**About this task:**
Lower down are entries containing pictures. Copy exactly, without those pictures, the lines from the line with "Удобная система хранения" through the line with "없다는걸 어르신들도 아셨으면...".
== Exercise input
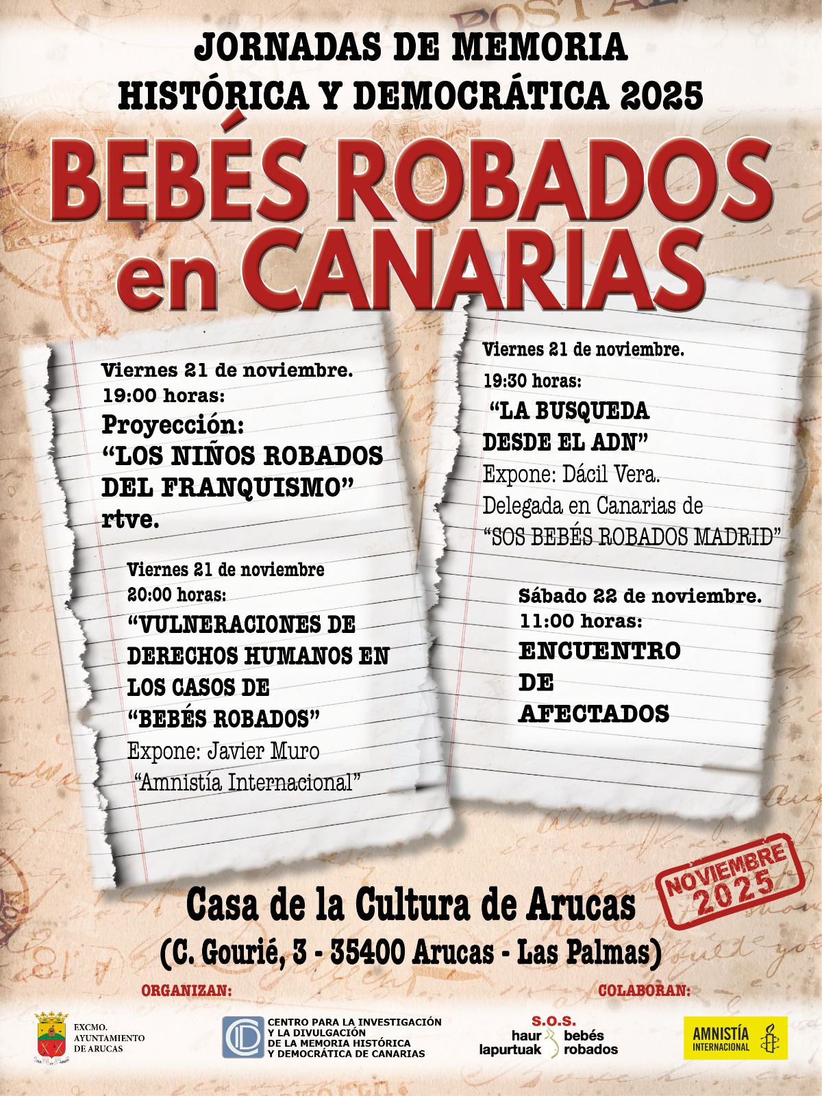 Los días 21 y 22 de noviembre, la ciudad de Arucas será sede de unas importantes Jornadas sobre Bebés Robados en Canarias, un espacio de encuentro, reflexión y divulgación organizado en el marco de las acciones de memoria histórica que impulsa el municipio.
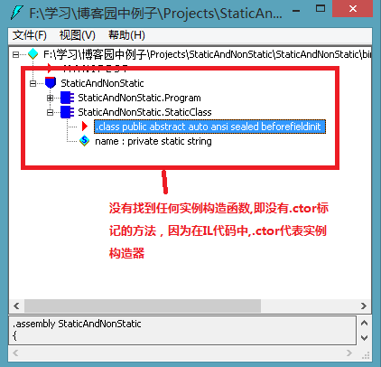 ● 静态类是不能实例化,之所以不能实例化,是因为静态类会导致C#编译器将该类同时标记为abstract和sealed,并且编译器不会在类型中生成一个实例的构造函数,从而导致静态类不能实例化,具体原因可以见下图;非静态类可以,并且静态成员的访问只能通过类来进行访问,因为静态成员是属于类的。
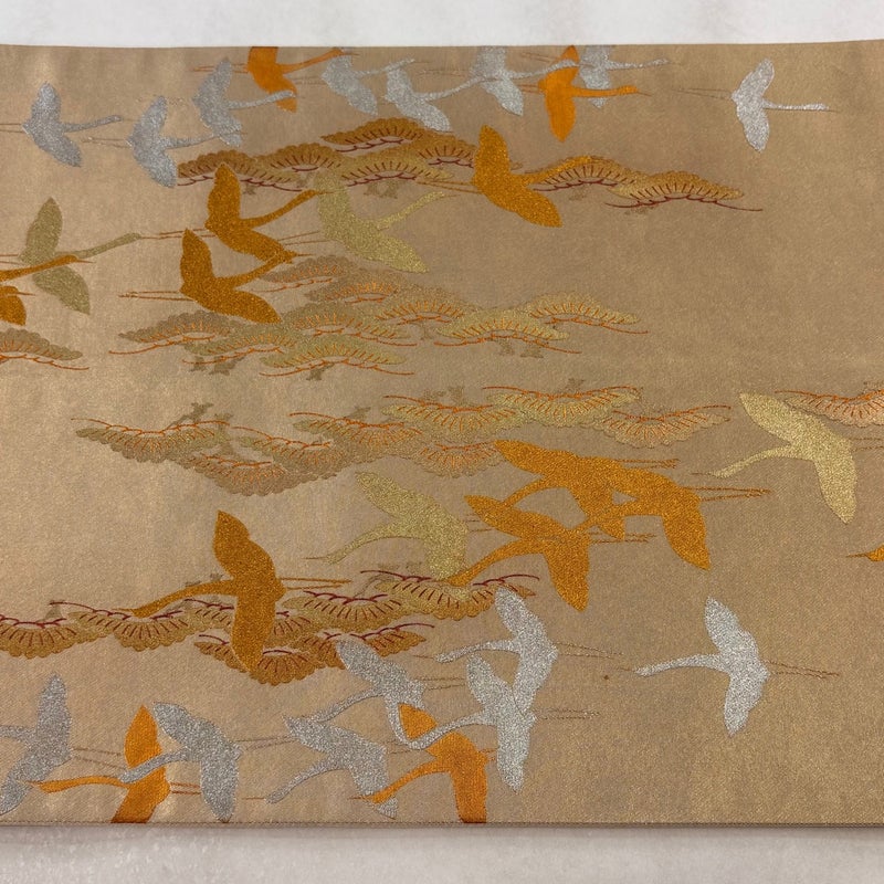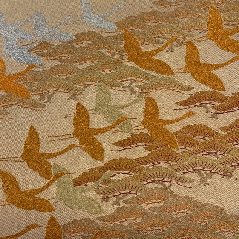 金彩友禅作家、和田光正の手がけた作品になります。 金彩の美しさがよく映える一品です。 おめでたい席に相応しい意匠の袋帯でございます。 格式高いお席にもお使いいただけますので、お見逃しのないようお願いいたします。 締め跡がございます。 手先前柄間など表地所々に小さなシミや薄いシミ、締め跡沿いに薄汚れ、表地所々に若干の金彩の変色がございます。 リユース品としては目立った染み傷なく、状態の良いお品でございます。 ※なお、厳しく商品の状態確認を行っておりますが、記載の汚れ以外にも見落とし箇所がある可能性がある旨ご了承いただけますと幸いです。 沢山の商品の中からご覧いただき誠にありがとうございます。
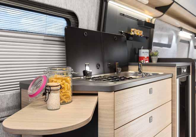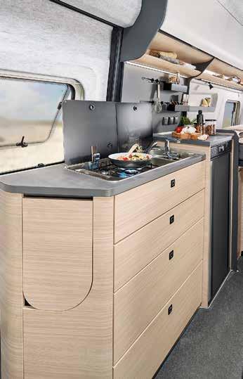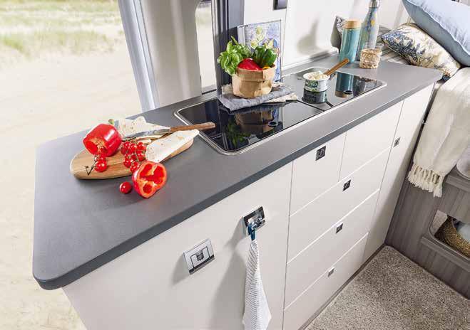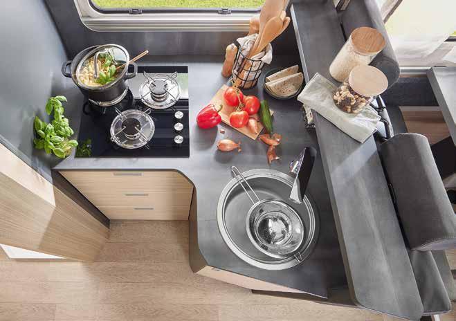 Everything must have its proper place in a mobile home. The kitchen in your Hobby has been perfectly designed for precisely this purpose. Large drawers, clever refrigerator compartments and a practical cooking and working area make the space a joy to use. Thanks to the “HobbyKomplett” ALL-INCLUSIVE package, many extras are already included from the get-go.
====
== Exercise input
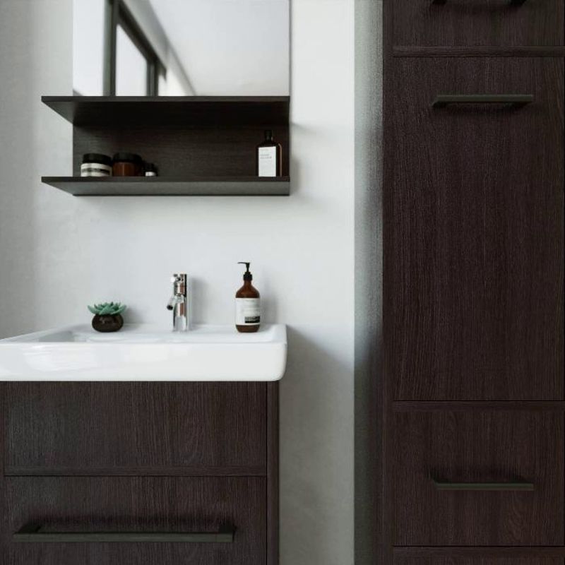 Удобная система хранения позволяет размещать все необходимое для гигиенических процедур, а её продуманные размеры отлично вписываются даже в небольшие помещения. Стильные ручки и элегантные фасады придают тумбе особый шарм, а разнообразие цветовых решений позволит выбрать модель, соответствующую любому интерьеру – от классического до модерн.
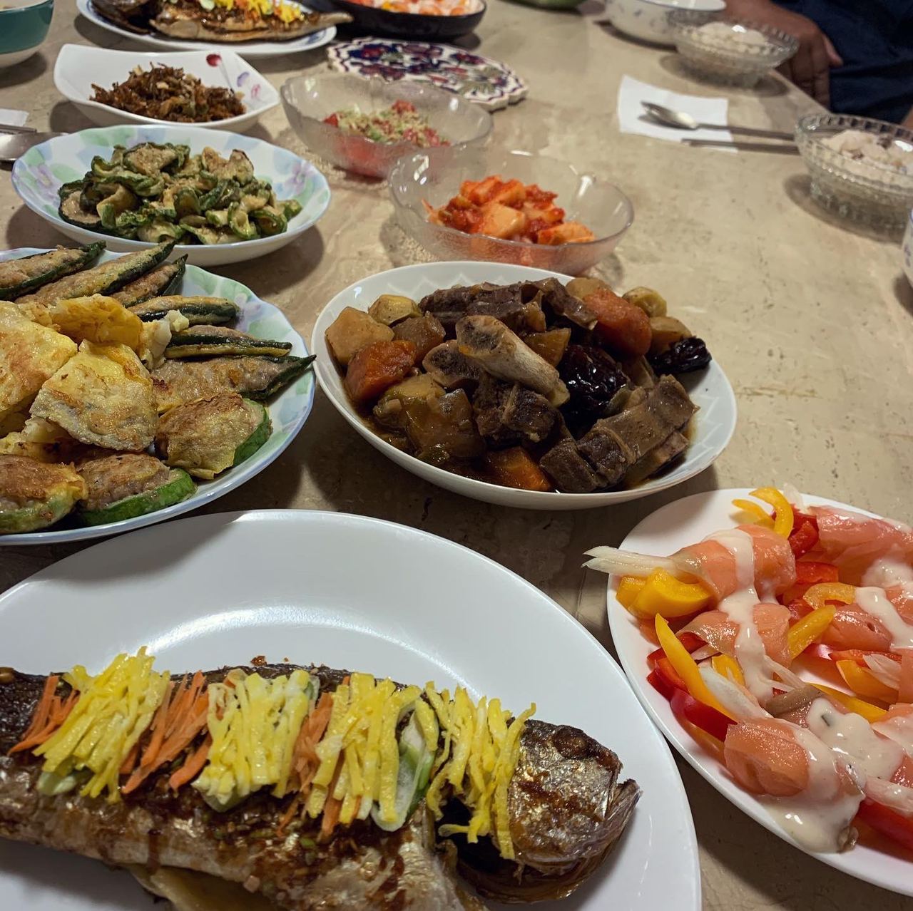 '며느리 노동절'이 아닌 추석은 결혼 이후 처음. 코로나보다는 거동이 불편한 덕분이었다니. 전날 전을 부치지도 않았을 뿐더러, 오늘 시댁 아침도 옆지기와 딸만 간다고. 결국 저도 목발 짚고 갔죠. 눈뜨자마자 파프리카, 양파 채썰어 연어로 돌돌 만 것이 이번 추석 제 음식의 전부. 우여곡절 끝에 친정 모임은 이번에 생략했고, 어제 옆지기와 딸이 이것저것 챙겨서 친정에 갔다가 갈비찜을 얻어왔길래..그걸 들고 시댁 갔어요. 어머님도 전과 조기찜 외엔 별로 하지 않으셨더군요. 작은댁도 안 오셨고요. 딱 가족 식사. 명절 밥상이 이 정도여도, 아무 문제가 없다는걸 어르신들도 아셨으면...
====
**Problem solution:**
 Удобная система хранения позволяет размещать все необходимое для гигиенических процедур, а её продуманные размеры отлично вписываются даже в небольшие помещения. Стильные ручки и элегантные фасады придают тумбе особый шарм, а разнообразие цветовых решений позволит выбрать модель, соответствующую любому интерьеру – от классического до модерн.
 '며느리 노동절'이 아닌 추석은 결혼 이후 처음. 코로나보다는 거동이 불편한 덕분이었다니. 전날 전을 부치지도 않았을 뿐더러, 오늘 시댁 아침도 옆지기와 딸만 간다고. 결국 저도 목발 짚고 갔죠. 눈뜨자마자 파프리카, 양파 채썰어 연어로 돌돌 만 것이 이번 추석 제 음식의 전부. 우여곡절 끝에 친정 모임은 이번에 생략했고, 어제 옆지기와 딸이 이것저것 챙겨서 친정에 갔다가 갈비찜을 얻어왔길래..그걸 들고 시댁 갔어요. 어머님도 전과 조기찜 외엔 별로 하지 않으셨더군요. 작은댁도 안 오셨고요. 딱 가족 식사. 명절 밥상이 이 정도여도, 아무 문제가 없다는걸 어르신들도 아셨으면...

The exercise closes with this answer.